Textbooks & Recommended Readings
- ISBN: 9781617295232
- Authors: Dylan Scott, Viktor Gamov, Dave Klein
- Publisher: Simon and Schuster
- Publication Date: 2022-02-15
- Required or recommended?: Recommended reading as a reference book.
Kafka: The Definitive Guide
- ISBN: 9781492043034
- Authors: Gwen Shapira, Todd Palino, Rajini Sivaram, Krit Petty
- Publisher: "O'Reilly Media, Inc."
- Publication Date: 2021-11-05
- Edition: 2nd Edition
- Required or recommended?: Recommended. Not Required.
Assignments
There will be three Assignments and one Final Project. It's crucial to adhere to deadlines. No submissions will be accepted past the due date.
Policy on Collaboration and Academic Integrity
- Group Discussions & Collaborations: We encourage effective group discussions and collaborations. Discussing concepts, techniques, and general approaches to problems with classmates can be beneficial. However, the work you submit must be your own.
- Originality of Work: All submitted assignments, code, and project reports must be your own original work. Copying and pasting code or text from classmates or any other source is strictly prohibited.
- Using AI Services (e.g., ChatGPT): Utilizing ChatGPT or other LLM models to aid in understanding course materials is permissible. However, always write in your own words and code independently. If you incorporate insights or specific code from any AI Services, clearly indicate which part(s) were influenced or sourced from them.
- Online Sources & References: If you utilize or are inspired by online sources, always provide proper citation and reference. Respect the intellectual property of others.

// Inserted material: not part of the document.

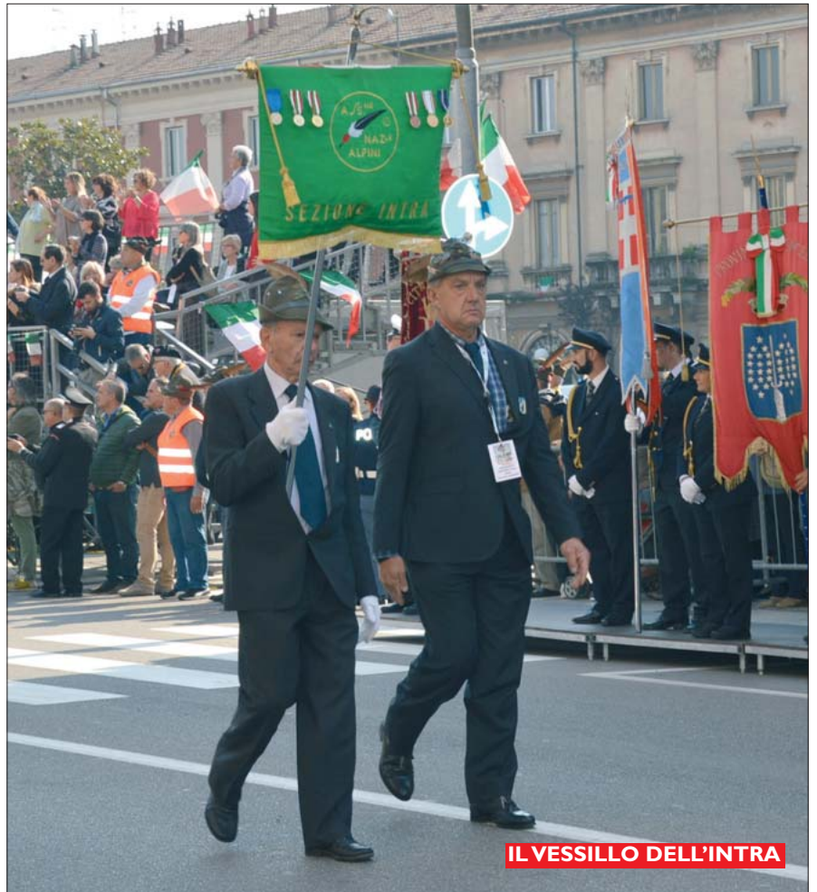
IL VESSILLO DELL'INTRA

Dopo il rituale dell'appello partiamo finalmente alla volta della "Patria del riso", dove arriviamo dopo un piacevole viaggio che, paesaggisticamente parlando e malgrado un po' di leggera nebbia, è comunque tutto da gustare: dal litorale del Lago Maggiore, rigoglioso di vegetazione, alla campagna pie-

- Cheating and plagiarism: We have a zero-tolerance stance on cheating and plagiarism. Engaging in any form of academic dishonesty will result in severe penalties, which may include failure in the course.
Grading Breakdown and Grading Policies
Grading Breakdown
- Attendance and Professionalism: 5%
- Regular attendance and active participation are expected.
- Individual Assignment: 30%
- Assignments (10% each) will assess individual understanding and application of course material.
- Final Project: 45%
- Project Proposal 5%
- Written Report 20%
- Final Presentation 20%
- Midterm Exam: 20%
- No Final Exam
This class is a standard, graded course with letter grades A - F. Each grade reflects the quality and understanding demonstrated by the student, as follows:
A (90-100): Exceptional understanding and application. Demonstrates depth of knowledge and skill and indicates readiness to apply concepts in a professional setting.
-
A+: 96-100
-
A: 93-95
-
A-: 90-92
B (80-89): Competent understanding and application of course material, representing the expected level of competence in a business setting.
-
B+: 87-89
-
B: 83-86
-
B-: 80-82
C (70-79): Basic understanding, with room for improvement in application and depth, indicating achievements lower than the expected competence in the subject.
-
C+: 77-79
-
C: 73-76
-
C-: 70-72
F (Below 70): Limited understanding and application of course material, representing an unacceptably low level of knowledge and understanding of the subject matter.
The expected class average is 85+ (Letter grade of B or above), with a normal distribution around this mean.
Beyond Grades
While the grading system in this course is a measure of academic performance, it can also shed light on the challenges one might face in the professional realm and the manner in which these are addressed. For example, when faced with tight deadlines, how does one ensure the quality of work? How does collaboration occur within a team, especially when compromises are necessary to meet delivery dates amidst differing opinions? How well do you explain data science concepts to people with no data background, and how effective is communication with peers and superiors? How are colleagues persuaded when introducing innovative ideas?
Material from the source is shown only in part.